Tell them about a place where you feel comfortable and write that on the board: your family’s cabin, your brown leather lazy-boy chair, or the Mountain Ash tree you used to sit in as a child. Tell them what you hate: brussel sprouts. Lies. Telemarketing.
Keep cuing them by asking what foods they love/hate. Sounds they love/hate. Weather they love/hate. Remind them to be specific. pronájem sídla . Don’t write down birds: ask what kind of bird they like.
Read Gregory Scofield’s “Heart Food.” Then “She’s Lived.” Or read “How Slow-Hand Lizard Died” and “Ode to Slow-Hand”from Joyce Sidman’s This is Just to Say, Poems of apology and Forgiveness.

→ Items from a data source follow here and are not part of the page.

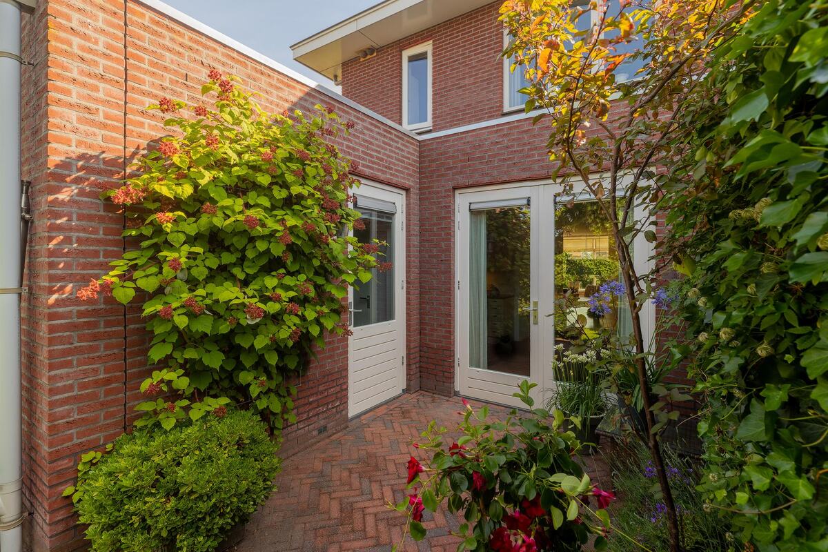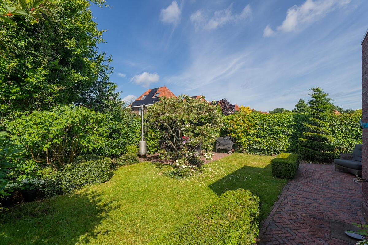 De brede dakoverstekken werken in de zomer gunstig om oververhitting van de woning tegen te gaan en beschermen de kozijnen en metselwerk tegen weersinvloeden, zoals (fel) zonlicht en regenval. De woning heeft, mede door de erker, veel lichtinval. Vanuit de erker heb je zicht op de speeltuin, maar ook op de bedrijvigheid van een vogelnestje waarjaarlijks in gebroed wordt. Tijdens de bouw hebben we ervoor gekozen om de kamer te verlengen, net als de bijkeuken. Het eten met zicht op de wintergroene tuin is aangenaam met de openslaande tuindeuren. Vanaf de ochtend tot en met de avond kun je genieten van de zon in de achtertuin. De onderhoudsvriendelijke tuin is onder architectuur aangelegd. De zuilbomen blokkeren het zicht op de woning van de achterburen, waardoor dit veel privacy creëert. De dakplantaan (parasolboom) geeft verkoeling en schaduw bij hete zomers en we genieten tot laat in het seizoen van het terras met de sfeervolle lampjes in de boom van het buitenleven.
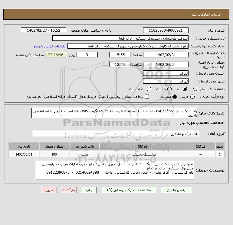 شرح کلی نیاز: پلاستیک سایز 65*75 CM - تعداد 100 بسته = هر بسته 25 کیلوگرم - کالای انتخابی صرفا جهت تشابه می باشد.
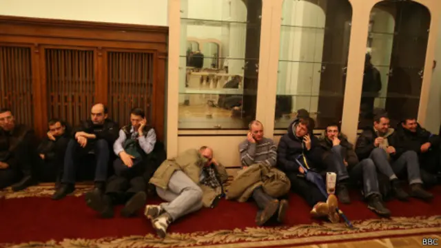 В здании много разбитых окон, но мусор убирают, и митингующие, по словам нашего корреспондента, ведут себя сдержанно.
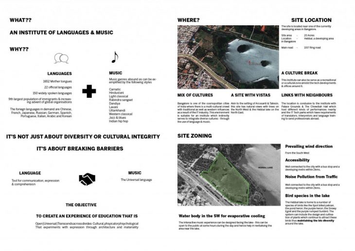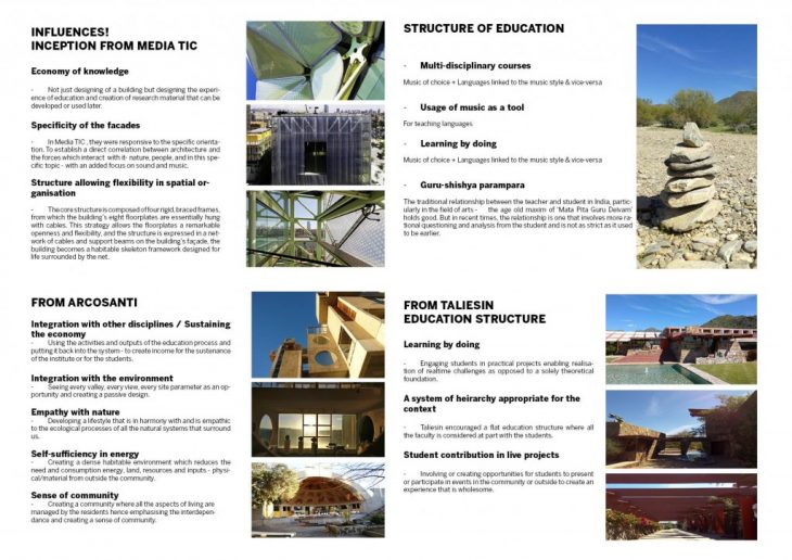 With the self sufficient trip across California & Arizona and the case study of MEDIA-TIC as the starting point, the project of  creating an educational experience beings. The institute of music & languages is one that deals with the manipulation of sound, and at it’s heart, aims at making sound tangible, in architecture, and aims to find way to exploit sound energy or other technologies to make the building self-sufficient. The focus, in terms of the education system, is the integration of music and languages as tools for learning, communication & creation of new art forms,and user experience which explores the relation between the two.
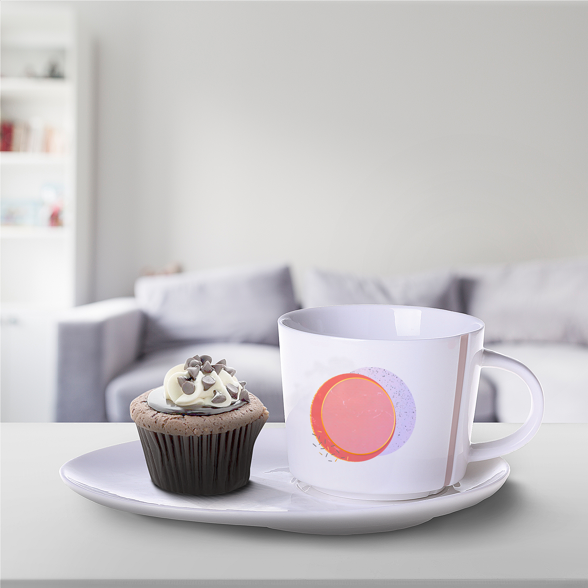 Porcelanowa filiżanka z charakterystycznymi przetłoczeniami z obu stron ucha. Filiżanka dostępna w trzech pojemnościach, ze spodkiem pozwalającym na serwowanie przekąski.

Once there are two large word pools, invite everyone to write two free verse poems, one about something/someone/someplace where they feel most comfortable or at home and one about the place/things/people that make them the most uncomfortable. Encourage students to use the five senses, to be specific, to create a picture with their words, tell a story with their words, tell us how they feel.
Students sometimes write about losing a loved one or fear or pain. They write about siblings who pester them or how much they hate homework or school. It is important to validate their thoughts, feelings and experiences and that neither the form nor content of their poem is judged.
A grade six student in Thunder Bay wrote that her garage burned down. Another student wrote about her grandmother who had recently died. Good poems often trigger intense emotions. This is a good time to prompt empathy and build community by asking students: “Have you ever had an experience like that?” “Have you ever felt like that?”
Other Resources:
Natalie Goldberg, Writing Down the Bones
Susan Wooldridge Goldsmith, Poemcrazy
Shane L. Koyczan, Visiting Hours
Pablo Neruda, Intimacies
Maya Angelou, Poetry for Young People
Paul B. Janeczko, A Kick in the Head, An Everyday Guide to Poetic Forms
Gregory Scofield, I Knew Two Metis Women
Barbara Juster Esbensen, Dance With Me
Joyce Sidman, This is Just to Say, Poems of Apology and Forgiveness
Anne Lamott, Bird by Bird
Brenda Ueland, If You Want to Write
Helen Humphreys, The Frozen Thames
Dawna Proudman settled in rural Grey County, Ontario after enjoying various adventures, escapades and exploits in Ottawa, Kitchener/Waterloo, Dawson City and Toronto. She now enjoys the space and pace of rural life and the artist friendly community where she co-founded the Words Aloud Spoken Word Festival and the Highway 4 Writers’ Group. In addition to poetry, her writing includes scripts for stage and video, magazine articles, short stories, children’s stories and an as-yet-unpublished novel. Elements of Grace, a collection of her poetry, was published in 2005 . She is the editor of Saugeen Stories and Strong in My Skin. Dawna also creates whimsical papier mache sculptures. Her workshops for adults, teachers and children stimulate and encourage word play. Dawna is a student and practitioner of Aboriginal medicine and Transformative Mindfulness.